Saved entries
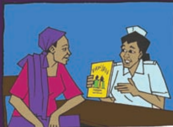
We talk to clients about violence and HIV & AIDS.
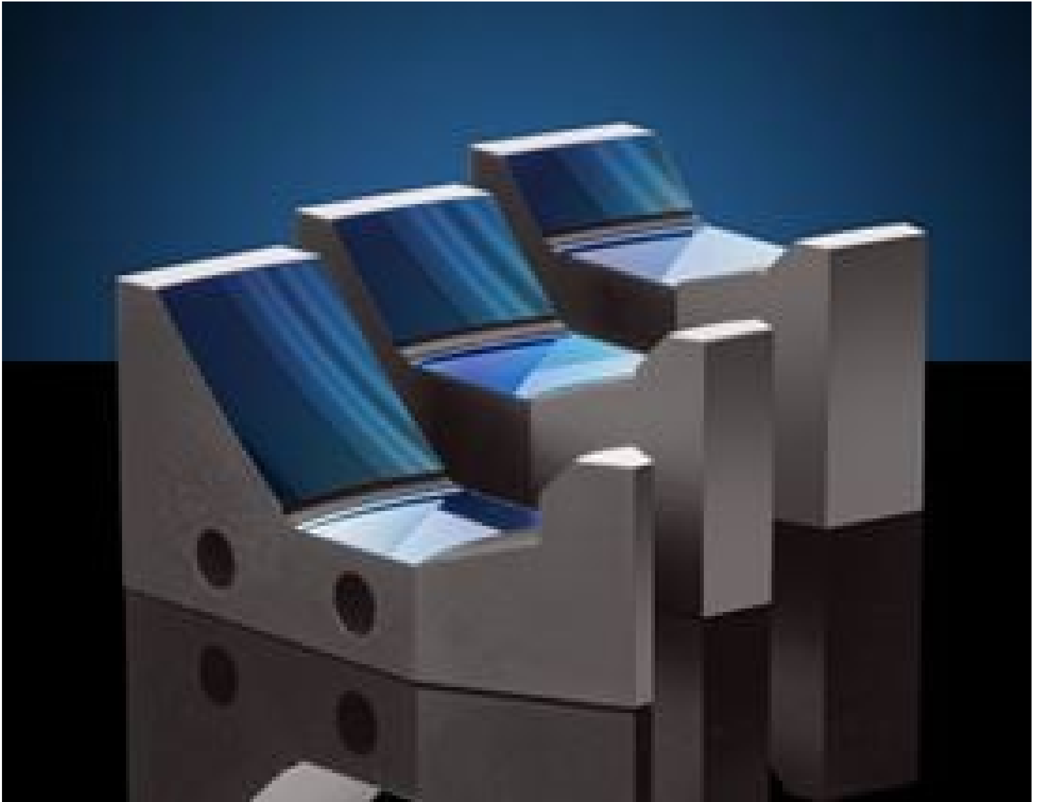
TECHSPEC® Canopus™ Reflective Beam Expanders
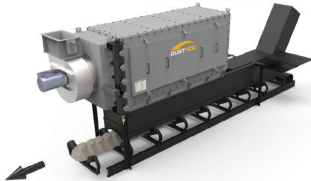
Conveyor Transfer Point Installation
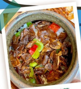
昆明老街推薦 野生菌燜飯 FASHIONABLE TRAVEL
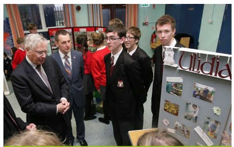
Ulidia Integrated College explain horticultural display.
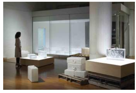
2. Aiko Miyanaga Letter (detail) 2013 photo by KIOKU Keizo © MIYANAGA Aiko Courtesy Mizuma Art Gallery
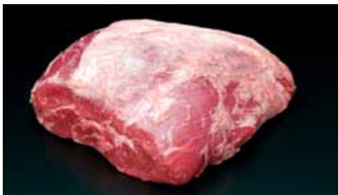
TOP SIRLOIN BUTT, CENTER-CUT, BONELESS, CAP OFF
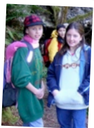
EAGLE TREK TRAVEL CAMP ($275) JULY 12-16, 2010
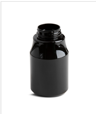
400 cc Apothecary Round
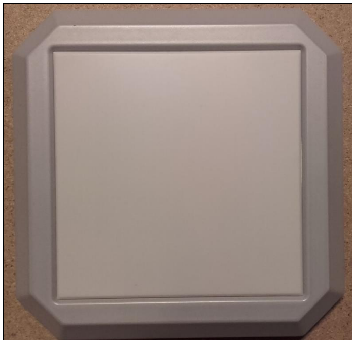
Figure 1: Front view of Integrated Antenna and Radome
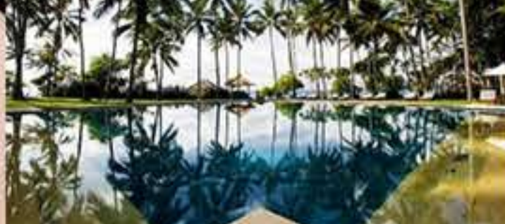
ALILA'S THREE FACES OF BALI
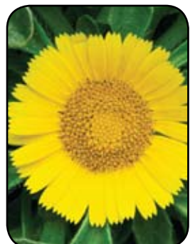
Asteriscus Aurelia Gold
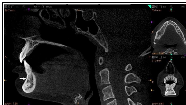
Figure 2. Sagittal Section Showing GT as Round Hypodense Structure of Width 1.5mm Located Coronal to the Horizontally Impacted 33 and Labial to the Apices of the Incisors with Corticated Borders
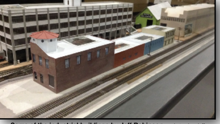
Some of the industrial buildings by Jeff Robinson.

in 2015 and 2016. Now all of the track is in operation – mainlines, sidings, and all of the industrial tracks. The main Wood Street section has over 50 feet of industrial track in its 20 foot length.

Your assignment :: Give all the records again, exactly, without images.

Your solution ::
We talk to clients about violence and HIV & AIDS.
TECHSPEC® Canopus™ Reflective Beam Expanders
Conveyor Transfer Point Installation
昆明老街推薦 野生菌燜飯 FASHIONABLE TRAVEL
Ulidia Integrated College explain horticultural display.
2. Aiko Miyanaga Letter (detail) 2013 photo by KIOKU Keizo © MIYANAGA Aiko Courtesy Mizuma Art Gallery
TOP SIRLOIN BUTT, CENTER-CUT, BONELESS, CAP OFF
EAGLE TREK TRAVEL CAMP ($275) JULY 12-16, 2010
400 cc Apothecary Round
Figure 1: Front view of Integrated Antenna and Radome
ALILA'S THREE FACES OF BALI
Asteriscus Aurelia Gold
Figure 2. Sagittal Section Showing GT as Round Hypodense Structure of Width 1.5mm Located Coronal to the Horizontally Impacted 33 and Labial to the Apices of the Incisors with Corticated Borders
Some of the industrial buildings by Jeff Robinson.

in 2015 and 2016. Now all of the track is in operation – mainlines, sidings, and all of the industrial tracks. The main Wood Street section has over 50 feet of industrial track in its 20 foot length.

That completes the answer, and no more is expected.